Sports is such an ingrained part of American culture that sometimes one needs to know something about sports in order to have any decent conversation with another guy. It’s a bit ridiculous, but it’s the reality. I believe we can redeem this cultural activity if we intentionally participate in it for the sake of the kingdom (“But seek first the kingdom of God and his righteousness”). I hope that the friends we make based on a mutual interest in sports can also be friends that we can share the gospel with. “I have become all things to all people, that by all means I might save some.” But there must be a balance. “Do not conform any longer to the pattern of this world, but be transformed by the renewing of your mind.”

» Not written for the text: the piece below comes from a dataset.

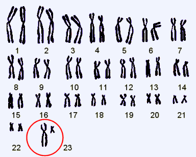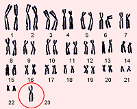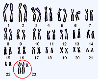 De izq. A derecha: 1. Hombre típico (un cromosoma X y uno Y) 2. Mujer con Síndrome de Turner (solo cromosoma X) 3. Hombre con el Síndrome de Klinefelter (dos cromosomas X y un cromosoma Y). Para ver la imagen más grande, pulse sobre cada cariograma.

Titus 3:9 says “But avoid foolish controversies, genealogies, dissensions, and quarrels about the law, for they are unprofitable and worthless.” I don’t think it would be too much of a stretch to replace “the law” with “sports.” Definitely a lot of controversy, dissension, and quarrel that comes with sports. In the end, in the big picture of God’s plan for redeeming the lost, how profitable and valuable is the time that we spend on sports? It is up to each of us to determine if we have gone too far. This verse reminds me, though. Theology, just as much as sports, can be an idol. But that is for another time…


2 responses to this post.

  1. I felt the same way, after the UCLA game, and I realized how degrading people can be. Sports is fun, and it can be constructive at times, but some people are so involved in it. Sometimes I felt hurt by guys in KCM because I didn’t find myself fitting into that whole sports culture.

  2. my pastor has been fasting ESPN since the beginning of the year and I can’t believe how tough that has to be for him. I have to watch myself and stay mindful of how much time I spend reading about sports, but thankfully, by His grace, I’ve been getting bored quicker. In the end it all starts to sound the same to be so I tune out…sports commentary can get too serious and overwhelming sometimes.